● Assigned task: Repeat the listing below line by line, exactly, leaving its pictures behind.

● Recorded information:

──────────────────────────────

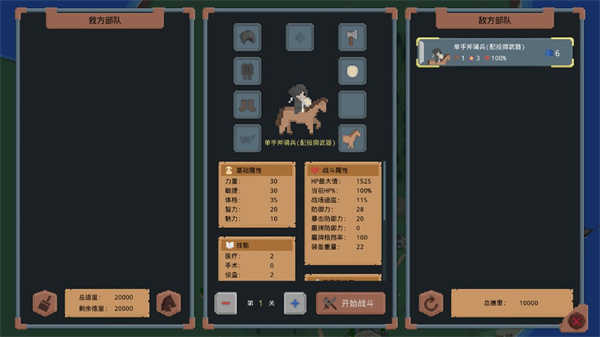 4、浅蓝色士兵为当前可配置单位,灰色需升级解锁,配置完成后点击开始战斗”;
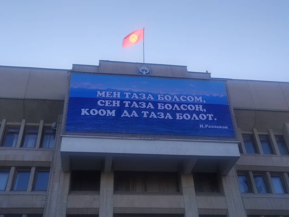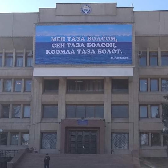 Ранее пользователи социальных сетей опубликовали фото баннера, который вывесили со стороны главного входа в полномочное представительство правительства в Иссык-Кульской области. Высказывание Исхака Раззакова распечатали с ошибкой. Словосочетание «коом да» написали слитно — «коомда».
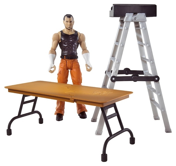 While the FlexForce guys are fun beating up on each other, their true potential is unlocked with the rest of the line. Also available will be figure and accessory packs that pair a WWE Superstar with a variety of his "tools of the trade" in the FlexForce Action Figure with Accessories assortment. Some of these include a huge speaker with stand (Undertaker), tables, ladders, ring steps (Matt Hardy), and more. The large items have sculpted base points from which the FlexForce figures can launch, jump, and smash!

──────────────────────────────

● Solution to this exercise:
 4、浅蓝色士兵为当前可配置单位,灰色需升级解锁,配置完成后点击开始战斗”;
 Ранее пользователи социальных сетей опубликовали фото баннера, который вывесили со стороны главного входа в полномочное представительство правительства в Иссык-Кульской области. Высказывание Исхака Раззакова распечатали с ошибкой. Словосочетание «коом да» написали слитно — «коомда».
 While the FlexForce guys are fun beating up on each other, their true potential is unlocked with the rest of the line. Also available will be figure and accessory packs that pair a WWE Superstar with a variety of his "tools of the trade" in the FlexForce Action Figure with Accessories assortment. Some of these include a huge speaker with stand (Undertaker), tables, ladders, ring steps (Matt Hardy), and more. The large items have sculpted base points from which the FlexForce figures can launch, jump, and smash!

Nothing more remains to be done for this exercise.